**Given information**
----------------
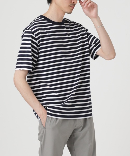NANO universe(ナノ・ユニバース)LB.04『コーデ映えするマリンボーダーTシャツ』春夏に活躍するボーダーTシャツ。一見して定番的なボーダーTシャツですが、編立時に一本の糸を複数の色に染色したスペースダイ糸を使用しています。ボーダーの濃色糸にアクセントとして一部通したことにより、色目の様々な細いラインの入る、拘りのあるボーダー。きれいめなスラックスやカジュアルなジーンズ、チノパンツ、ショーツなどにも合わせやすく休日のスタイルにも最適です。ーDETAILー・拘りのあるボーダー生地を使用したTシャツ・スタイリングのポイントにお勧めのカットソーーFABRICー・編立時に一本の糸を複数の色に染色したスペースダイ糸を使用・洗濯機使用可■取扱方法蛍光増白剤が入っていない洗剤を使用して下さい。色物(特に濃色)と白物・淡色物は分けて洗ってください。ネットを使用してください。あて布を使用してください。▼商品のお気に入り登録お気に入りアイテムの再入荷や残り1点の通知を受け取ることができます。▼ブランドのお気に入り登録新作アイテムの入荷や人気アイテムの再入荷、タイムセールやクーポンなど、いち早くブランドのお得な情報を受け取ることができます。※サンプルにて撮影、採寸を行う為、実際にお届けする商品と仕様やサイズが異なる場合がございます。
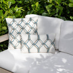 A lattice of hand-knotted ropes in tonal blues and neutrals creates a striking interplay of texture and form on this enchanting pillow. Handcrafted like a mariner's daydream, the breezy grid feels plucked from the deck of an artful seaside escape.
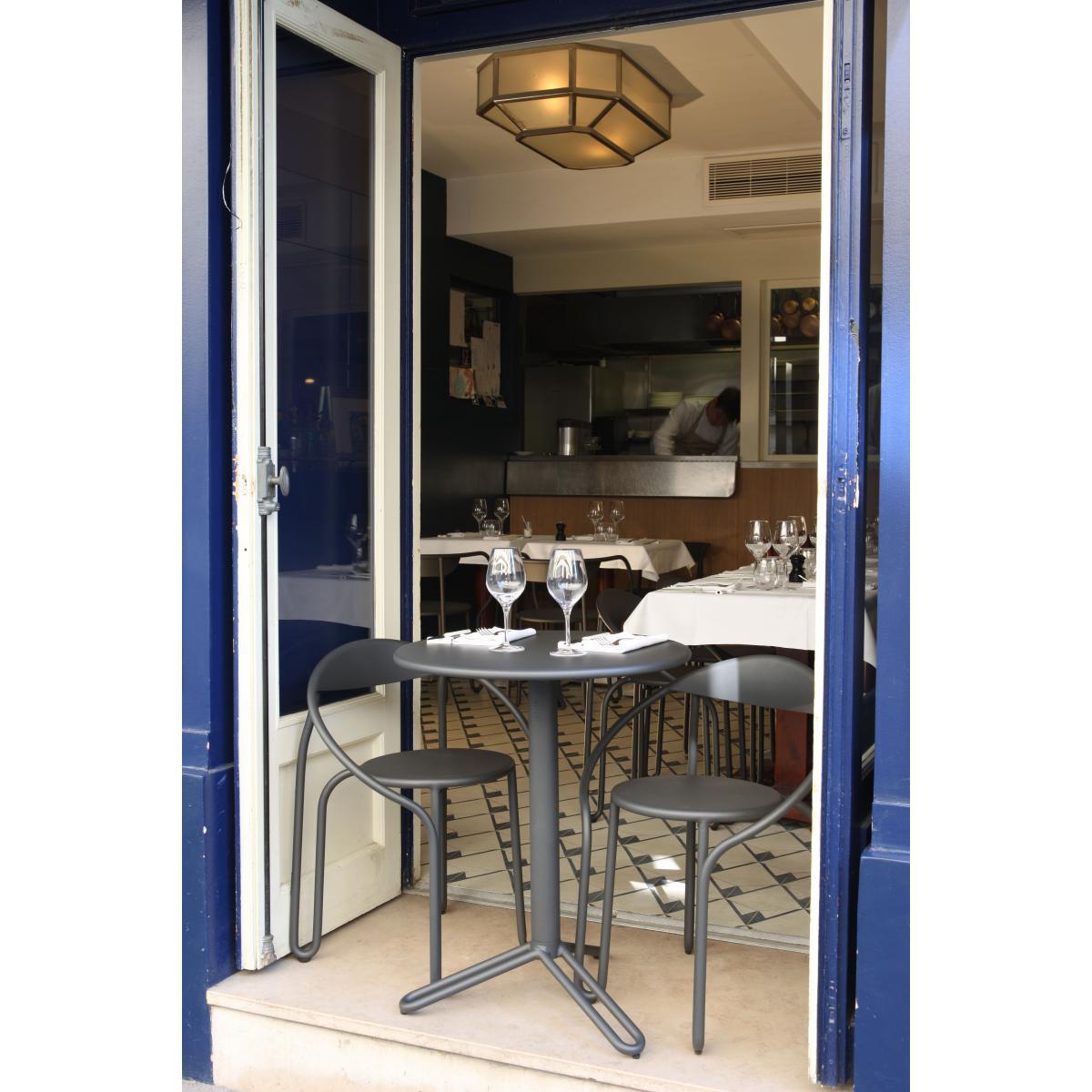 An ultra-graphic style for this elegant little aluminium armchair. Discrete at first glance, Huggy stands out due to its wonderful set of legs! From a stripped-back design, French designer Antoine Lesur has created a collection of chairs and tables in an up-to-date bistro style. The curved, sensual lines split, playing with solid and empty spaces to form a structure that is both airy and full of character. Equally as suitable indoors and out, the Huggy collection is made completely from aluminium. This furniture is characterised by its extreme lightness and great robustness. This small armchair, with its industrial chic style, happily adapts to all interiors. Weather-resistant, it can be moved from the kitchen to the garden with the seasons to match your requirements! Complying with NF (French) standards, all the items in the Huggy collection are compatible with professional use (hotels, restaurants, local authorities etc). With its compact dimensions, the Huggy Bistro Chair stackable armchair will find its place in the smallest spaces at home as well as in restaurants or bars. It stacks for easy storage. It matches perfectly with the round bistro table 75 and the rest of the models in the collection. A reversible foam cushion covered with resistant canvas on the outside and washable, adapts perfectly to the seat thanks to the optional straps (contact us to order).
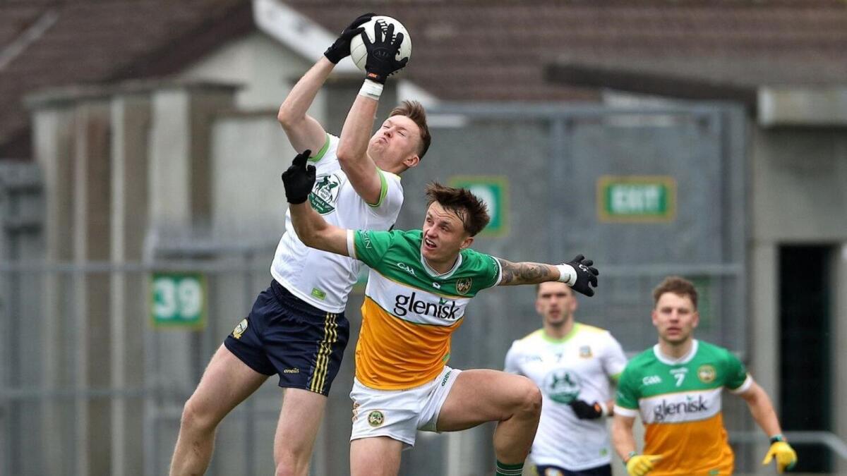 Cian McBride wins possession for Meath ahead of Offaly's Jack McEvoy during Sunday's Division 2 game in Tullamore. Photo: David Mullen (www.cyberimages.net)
----------------
**Exercise goal**
Retype nothing except the lines from the first line of the listing above through the line with "A lattice of", exactly as they stand, and no pictures.

**Answer space**
NANO universe(ナノ・ユニバース)LB.04『コーデ映えするマリンボーダーTシャツ』春夏に活躍するボーダーTシャツ。一見して定番的なボーダーTシャツですが、編立時に一本の糸を複数の色に染色したスペースダイ糸を使用しています。ボーダーの濃色糸にアクセントとして一部通したことにより、色目の様々な細いラインの入る、拘りのあるボーダー。きれいめなスラックスやカジュアルなジーンズ、チノパンツ、ショーツなどにも合わせやすく休日のスタイルにも最適です。ーDETAILー・拘りのあるボーダー生地を使用したTシャツ・スタイリングのポイントにお勧めのカットソーーFABRICー・編立時に一本の糸を複数の色に染色したスペースダイ糸を使用・洗濯機使用可■取扱方法蛍光増白剤が入っていない洗剤を使用して下さい。色物(特に濃色)と白物・淡色物は分けて洗ってください。ネットを使用してください。あて布を使用してください。▼商品のお気に入り登録お気に入りアイテムの再入荷や残り1点の通知を受け取ることができます。▼ブランドのお気に入り登録新作アイテムの入荷や人気アイテムの再入荷、タイムセールやクーポンなど、いち早くブランドのお得な情報を受け取ることができます。※サンプルにて撮影、採寸を行う為、実際にお届けする商品と仕様やサイズが異なる場合がございます。
 A lattice of hand-knotted ropes in tonal blues and neutrals creates a striking interplay of texture and form on this enchanting pillow. Handcrafted like a mariner's daydream, the breezy grid feels plucked from the deck of an artful seaside escape.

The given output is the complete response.